SAC <- sacsarlm(fm, data=data1, listw=cont.listw)
summary(SAC)
##
## Call:sacsarlm(formula = fm, data = data1, listw = cont.listw)
##
## Residuals:
## Min 1Q Median 3Q Max
## -12.92930 -4.36219 0.48047 3.56741 14.75252
##
## Type: sac
## Coefficients: (asymptotic standard errors)
## Estimate Std.

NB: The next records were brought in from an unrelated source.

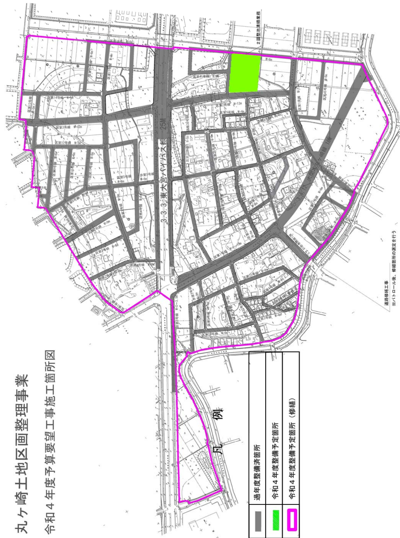
丸ヶ崎土地区画整理事業 令和4年度予算要望工事施工箇所図
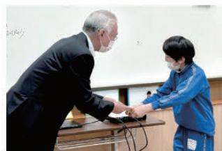
▲見附特別支援学校
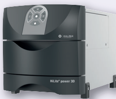
ハイライトパワー 3D 光重合器
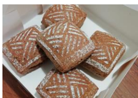
Le pain du Gouverneur.

Les travaux d'étude ont bien avancé et la mise en réseau séparatif de la rue Creuse commencera en 2026, sans date exacte à ce jour.
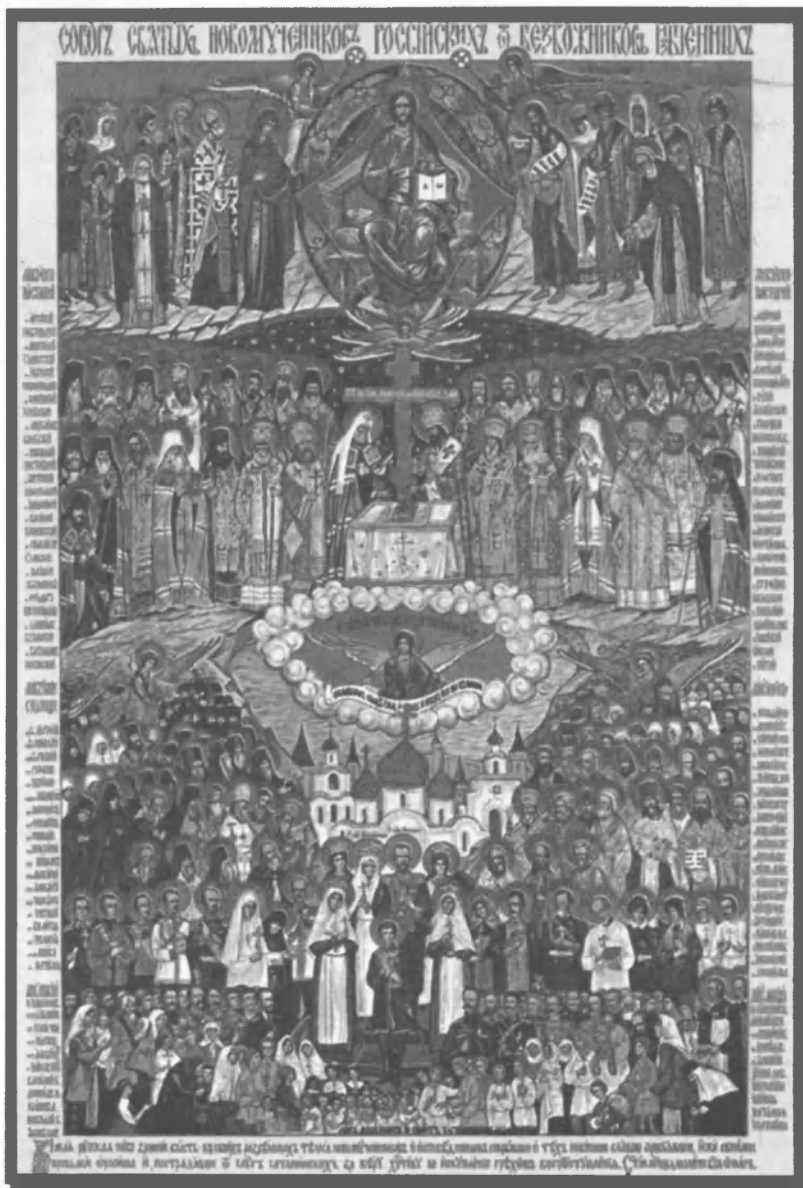
Икона Русской Православной Церкви за рубежом «Собор Святых Новомучеников Российских, от безбожников избивенных»

Error z value Pr(>|z|)
## (Intercept) 124.100751 31.881864 3.8925 9.921e-05
## antenatal_care 0.012265 0.117044 0.1048 0.91654
## fully_vaccinated -0.404578 0.203340 -1.9897 0.04663
## violence -0.169598 0.155588 -1.0900 0.27569
## smoker -0.184347 0.090260 -2.0424 0.04111
## teenage_preg -0.305141 0.329804 -0.9252 0.35485
## water 0.030243 0.255520 0.1184 0.90578
## toilet_facility -0.273600 0.220361 -1.2416 0.21438
## schooling_f -1.164280 0.289722 -4.0186 5.854e-05
##
## Rho: 0.15411
## Asymptotic standard error: 0.22978
## z-value: 0.67068, p-value: 0.50243
## Lambda: 0.63364
## Asymptotic standard error: 0.19174
## z-value: 3.3047, p-value: 0.00095065
##
## LR test value: 9.1395, p-value: 0.01036
##
## Log likelihood: -111.1173 for sac model
## ML residual variance (sigma squared): 35.481, (sigma: 5.9566)

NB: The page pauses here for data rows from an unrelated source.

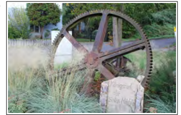
Königsrad der Kälberauler Mühle

Über ein System von Zahnrädern wird unter anderem das Königsrad angetrieben, sozu-sagen die „Zwischenschaltstation“ für die verschiedenen Aufgaben, die in der Mühle anfallen: mahlen, schroten, schälen, sieben usw. Wenn die Zahnräder richtig ineinandergreifen, setzen die Windmühlenflügel alles in Bewegung.
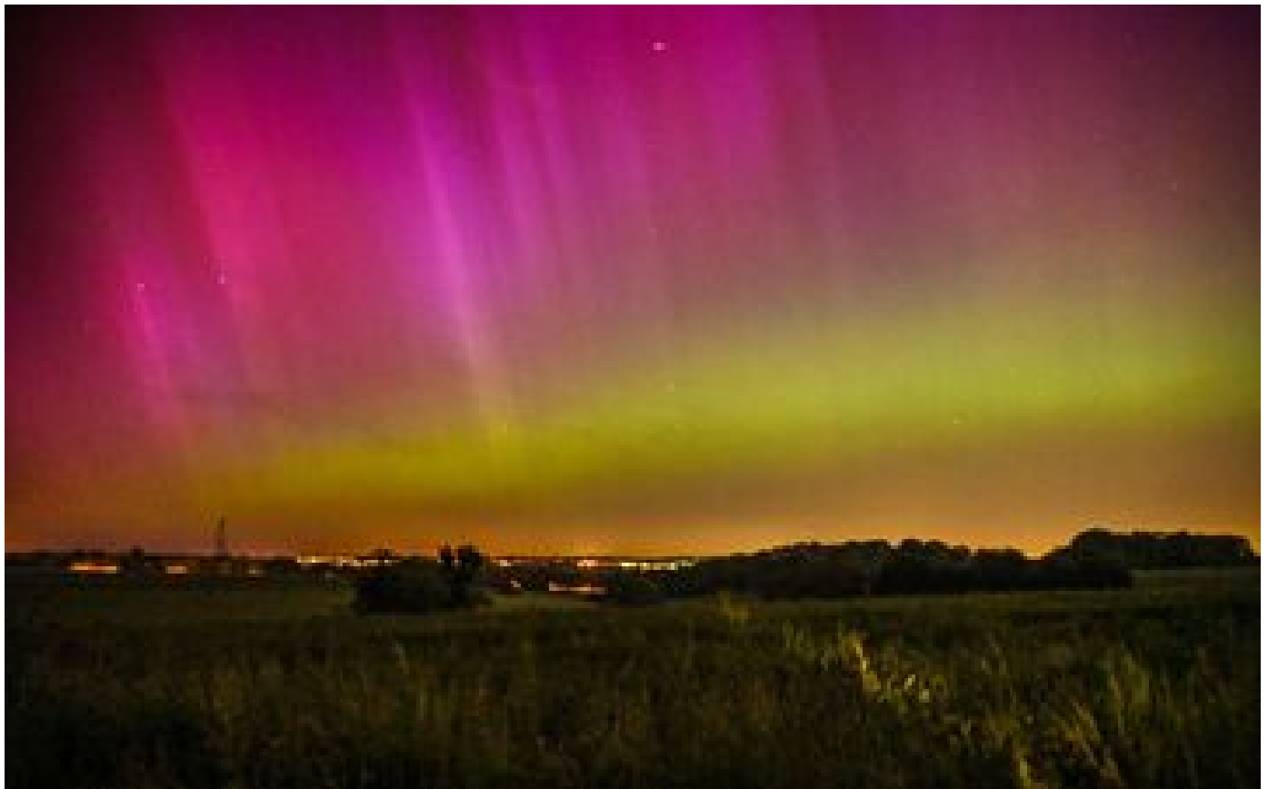
Quand les aurores boréales illuminent le ciel en Île-de-France et dans l'Oise : « Un moment magique » P
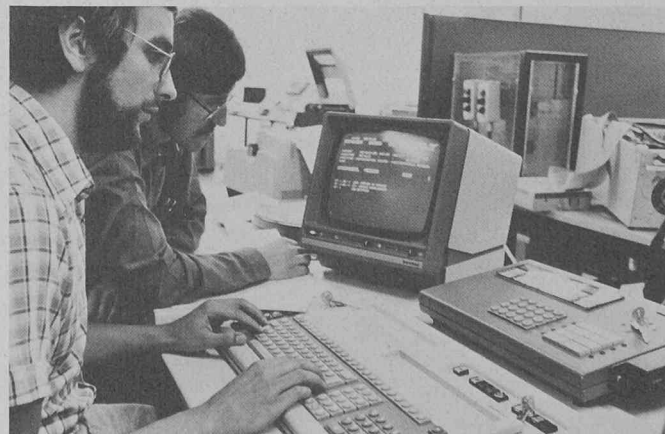
Système de saisie de données machines MDE: terminal de saisie, calculateur et console de visualisation au cours du test système.

Les terminaux de saisie 3803 des systèmes Siemens 300, développés à cet effet, sont des appareils portatifs au format

## Number of observations: 34
## Number of parameters estimated: 12
## AIC: 246.23, (AIC for lm: 251.37)
Clearly, the results have improved as out of the 8 variables now, 3 are found to be statistically significant at the 5% level. Also, the AIC value, even though slightly, has increased to 246.23, however still remains lower than that of OLS model.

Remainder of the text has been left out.